(Data extract Opens)
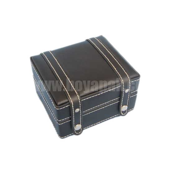 This watch packaging box features a square shape. The exterior is colored in mysterious black, showcasing a smart style. The box is embellished with two straps with snap buttons, offering secure closure. This special watch box adds sincerity to your gift watch.
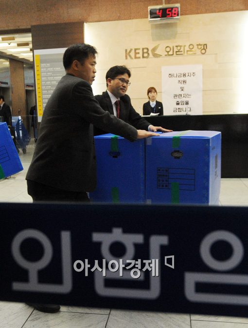 [아시아경제 백소아 기자] 서울중앙지검 금융조세조사1부가 외환은행 본점 압수수색을 들어간 가운데 19일 서울 중구 외환은행 본점에서 검찰관계자들이 압수물을 들고 나오고 있다. 서울중앙지검 금융조세조사1부는 론스타가 대주주로 있던 시절 외환은행이 대출 가산금리를 부당하게 인상한 것과 관련해 압수수색을 진행했다.
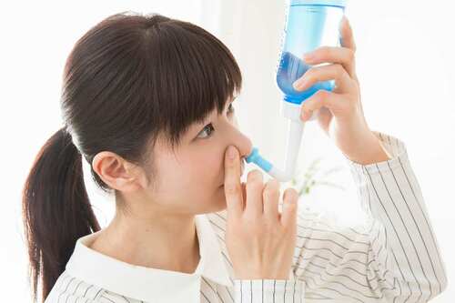 塩水を鼻に入れるときに「あー」と声を出しながら行うと、塩水が耳に入りにくく、鼻うがいに不慣れな人でもやりやすい。
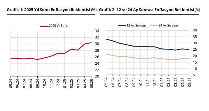 ANKARA, (DHA)- TÜRKİYE Cumhuriyet Merkez Bankası (TCMB), piyasa katılımcılarının tüketici enflasyonu (TÜFE) beklentilerinin yıl sonu için yüzde 30,35'e yükseldiğini, 12 ay sonrası için yüzde 25,06'ya gerilediğini ve 24 ay sonrası için 17,77'ye yükseldiğini açıkladı.TCMB, Mayıs 2025 dönemine ilişkin piyasa katılımcıları anketi verilerini açıkladı. Buna göre; katılımcıların cari yıl sonu TÜFE beklentisi, bir önceki anket döneminde yüzde 29,98 iken bu anket döneminde yüzde 30,35'ye çıktı. 12 ay sonrası TÜFE beklentisi, 25,56'dan yüzde 25,06'ya geriledi. 24 ay sonrası TÜFE beklentisi ise 17,69'dan 17,77'ye yükseldi.FAİZ BEKLENTİLERİPiyasa katılımcılarının cari yıl sonu dolar kuru beklentisi, bir önceki anket dönemindeki 43,60 TL seviyesinden 43,70 TL'ye yükseldi. 12 ay sonrası dolar kuru beklentisi ise 45,85 TL'den 46,62 TL'ye çıktı. Katılımcıların cari ay sonu gecelik faiz oranı beklentisi, bir önceki anket döneminde yüzde 46 olurken, bu anket döneminde yüzde 49'a yükseldi. 3 ay sonrası faiz beklentisi ise 39,24'ten yüzde 42,96'ya yükseldi. BÜYÜME BEKLENTİLERİKatılımcıların 2025 yılı büyüme beklentisi, bir önceki anket döneminde yüzde 3 iken bu anket döneminde yüzde 2,9 olarak gerçekleşti. 2026 yılı büyüme beklentisi ise bir önceki anket döneminde yüzde 3,8'den 3,7'ye geriledi. (DHA)
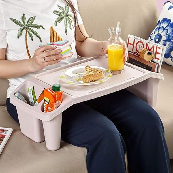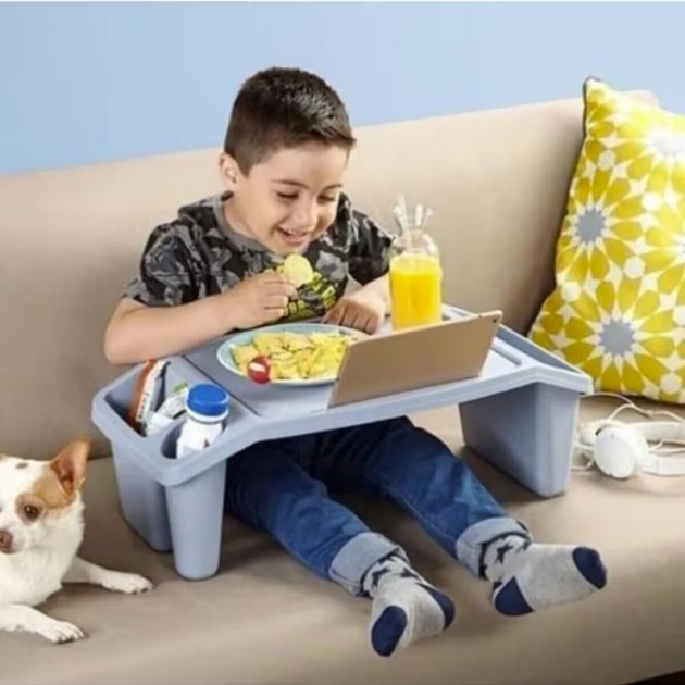 Овој послужавник за кревет има димензии од приближно 58 см x 30 см x 21,5 см (Д x Ш x В). Совршено се вклопува со лаптоп, или можете да го поставите вашиот таблет и телефон во специјално дизајнираниот отвор. Овој послужавник има три дополнителни прегради, еден кружен за вашиот пијалок и два поголеми за книги, лични предмети, слушалки, пенкала, белешки и сè што е потребно да го имате на дофат на рака. Оваа издржлива масичка за кревет е достапна во сина пастелна боја.
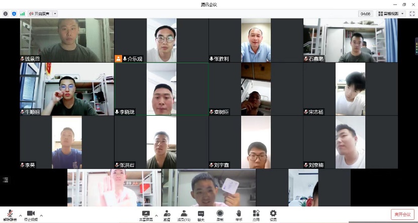 介乐观老师负责的学生群体是士官生,属于京外同学,面对前段时间全国疫情散发的现状,他每天提醒督促同学们按时完成i电科健康打卡,针对学生所在区域有确诊病例或密接等情况,一对一沟通,详细了解疫情防控细节,叮嘱学生遵守社区要求,做好防护;为了加强朋辈沟通,增进同学情谊,介老师以宿舍为单位开展线上云聚会,认真倾听每名同学居家学习、军事训练、春耕夏收等情况,并针对同学们反馈的信息进行点评、提出要求,尤其对于家庭经济情况不太好的同学,重点关注生活学习上的困难,做好引导、鼓励;在上课和训练方面,介老师每天也会进入课堂,关注同学们是否正常上课、开启视频,训练是否认真,发现不良苗头或异常情况会第一时间和同学们取得联系,及时了解情况,做好辅导。通过以上措施,士官生整体状态平稳,日常表现良好。
(Data extract Closes)
Print, with pictures removed, exactly the lines of the records above from the top through the line containing "塩水を鼻に入れるときに「あー".

 This watch packaging box features a square shape. The exterior is colored in mysterious black, showcasing a smart style. The box is embellished with two straps with snap buttons, offering secure closure. This special watch box adds sincerity to your gift watch.
 [아시아경제 백소아 기자] 서울중앙지검 금융조세조사1부가 외환은행 본점 압수수색을 들어간 가운데 19일 서울 중구 외환은행 본점에서 검찰관계자들이 압수물을 들고 나오고 있다. 서울중앙지검 금융조세조사1부는 론스타가 대주주로 있던 시절 외환은행이 대출 가산금리를 부당하게 인상한 것과 관련해 압수수색을 진행했다.
 塩水を鼻に入れるときに「あー」と声を出しながら行うと、塩水が耳に入りにくく、鼻うがいに不慣れな人でもやりやすい。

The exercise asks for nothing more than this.